E NOS "PROGRAMAS SOCIAIS" DA REPÚBLICA DA ENGANAÇÃO : Falta uma Fifa para as creches
Só falta um detalhe para os brasileiros poderem festejar a construção de 6 mil creches até o fim de 2014, uma promessa de campanha repetida várias vezes pela presidente Dilma Rousseff e reafirmada em seu discurso do Dia das Mães.
Esse detalhe é muito simples:
o governo precisa apenas tomar as providências necessárias para a realização das obras. Mas deve fazê-lo com rapidez, porque a presidente já cumpriu quase um ano e meio de mandato e esse programa, como tantos outros anunciados pela administração federal, continua emperrado.
Sem mudanças muito sérias na gestão de programas e projetos, a construção de creches e pré-escolas será um fracasso tão grande quanto as obras da Copa, outro compromisso reiterado nos últimos dias.

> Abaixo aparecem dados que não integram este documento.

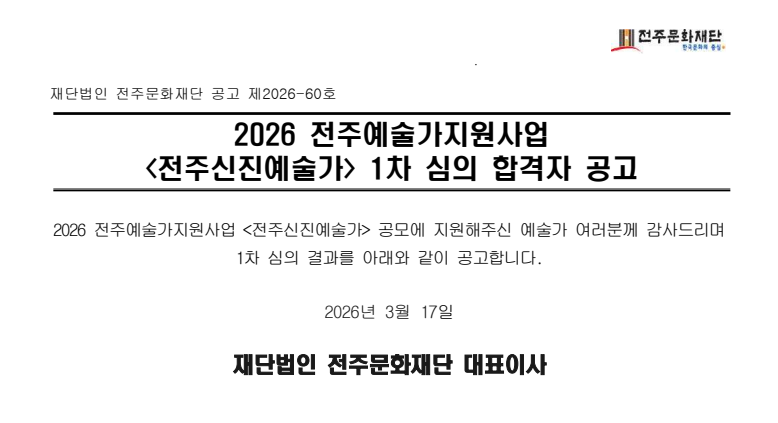 [공고] 2026 전주예술가지원사업 '전주신진예술가' 1차 심의 결과 공고
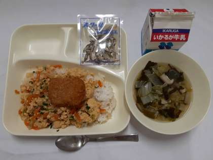 今日の給食は「カツ丼、すまし汁、ミニフィッシュ、牛乳」でした。

O quadro já seria bem melhor se o Proinfância, lançado em 2007, na gestão do presidente Luiz Inácio Lula da Silva, tivesse avançado um pouco mais rapidamente. Foram aprovadas a partir daquele ano 4.035 obras para atendimento a crianças em idade pré-escolar. Em março de 2012 o Ministério da Educação anunciou já terem sido entregues 221 inteiramente concluídas.
Esse número equivale a 5% das aprovadas para inclusão no programa de financiamentos. O total subiria para 258, se fossem contadas 37 unidades com obras muito próximas da conclusão, mas isso ainda representaria só 6,4% dos projetos aprovados.
Em 2007, ano de lançamento do Proinfância, o presidente Lula comprometeu o Brasil com a realização da Copa do Mundo e, portanto, com grandes investimentos em estádios, aeroportos, hotéis e sistemas de mobilidade urbana.
Os resultados são muito parecidos nos dois casos, mas os pronunciamentos a favor das criancinhas foram mais raros e mais suaves.
Faltou um Jerôme Valcke, da Fifa, para receitar um chute no traseiro das autoridades educacionais.
Para cumprir sua promessa de campanha, a presidente Dilma Rousseff deveria ter dado maior impulso ao Proinfância ou passado a limpo todo o programa para garantir uma execução mais eficaz.
A única novidade, no entanto, foi o compromisso de construção de 6 mil creches em quatro anos. Na prática, nenhum efeito sensível.
Em 2011, primeiro ano de governo, R$ 891 milhões foram autorizados no orçamento e R$ 308,3 milhões foram pagos. Mas o ano terminou sem a conclusão de uma única obra. Todo o valor foi empenhado, isto é, formalmente comprometido com a execução de projetos, e R$ 582,3 milhões sobraram para 2012 como restos a pagar.
Mas também o desembolso desse dinheiro, assim como o das verbas incluídas no orçamento deste ano, dependerá do ritmo das obras. Como no caso dos projetos do Programa de Aceleração do Crescimento (PAC), o cenário é de muita ineficiência, quando se trata de creches e unidades de pré-escola.
O assunto foi discutido, no começo deste ano, num encontro da Associação Contas Abertas com secretários de Educação de municípios goianos e representantes da União Nacional dos Dirigentes Municipais de Educação.
Foram apontados problemas burocráticos e também problemas causados por irregularidades nas licitações e na execução das obras. É necessário melhorar todo o sistema de administração dos recursos, desde a liberação do financiamento federal até a entrega das instalações.
Os controles são obviamente defeituosos. O Ministério da Educação levou algum tempo, em 2012, para identificar uma irregularidade na ação de uma prefeitura comprometida com a construção de duas creches. Um técnico notou a presença de um cão em todas as fotos enviadas pelo governo municipal. As fotos eram da mesma creche.
Segundo a presidente Dilma Rousseff, é preciso investir em educação e saúde para "atacar a desigualdade na raiz do problema". Ela está certa, mas para isso é preciso, igualmente, melhorar muito a gestão de programas e projetos, outra promessa de campanha.
Também nesse caso os resultados são imperceptíveis. É muito mais fácil conceber e executar programas de transferência direta de renda que combater a pobreza por meio da capacitação de pessoas.
Este continua sendo o maior e mais importante desafio dos chamados programas sociais.